For each entry, repeat the text exactly and omit any picture it holds.

(Stored items from a collection)
-- -- --

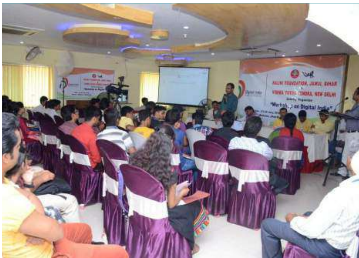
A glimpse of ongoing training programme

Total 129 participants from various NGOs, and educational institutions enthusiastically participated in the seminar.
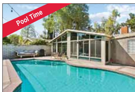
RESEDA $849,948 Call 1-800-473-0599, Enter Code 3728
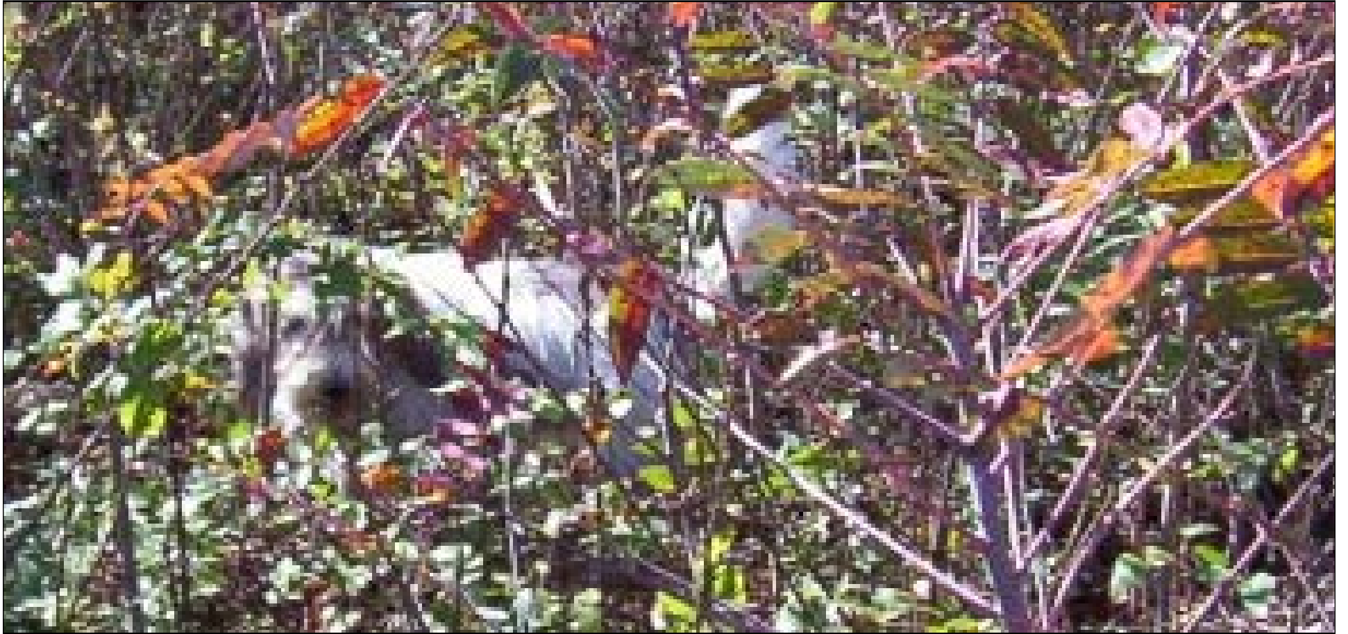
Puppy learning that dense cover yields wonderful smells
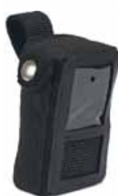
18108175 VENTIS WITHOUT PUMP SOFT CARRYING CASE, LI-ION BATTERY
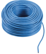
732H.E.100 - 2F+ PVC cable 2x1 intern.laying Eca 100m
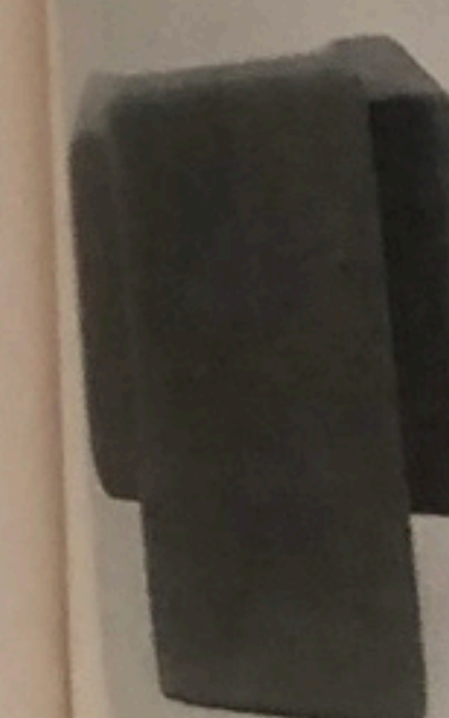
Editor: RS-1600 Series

-- -- --

- _Answer section_:
A glimpse of ongoing training programme

Total 129 participants from various NGOs, and educational institutions enthusiastically participated in the seminar.
RESEDA $849,948 Call 1-800-473-0599, Enter Code 3728
Puppy learning that dense cover yields wonderful smells
18108175 VENTIS WITHOUT PUMP SOFT CARRYING CASE, LI-ION BATTERY
732H.E.100 - 2F+ PVC cable 2x1 intern.laying Eca 100m
Editor: RS-1600 Series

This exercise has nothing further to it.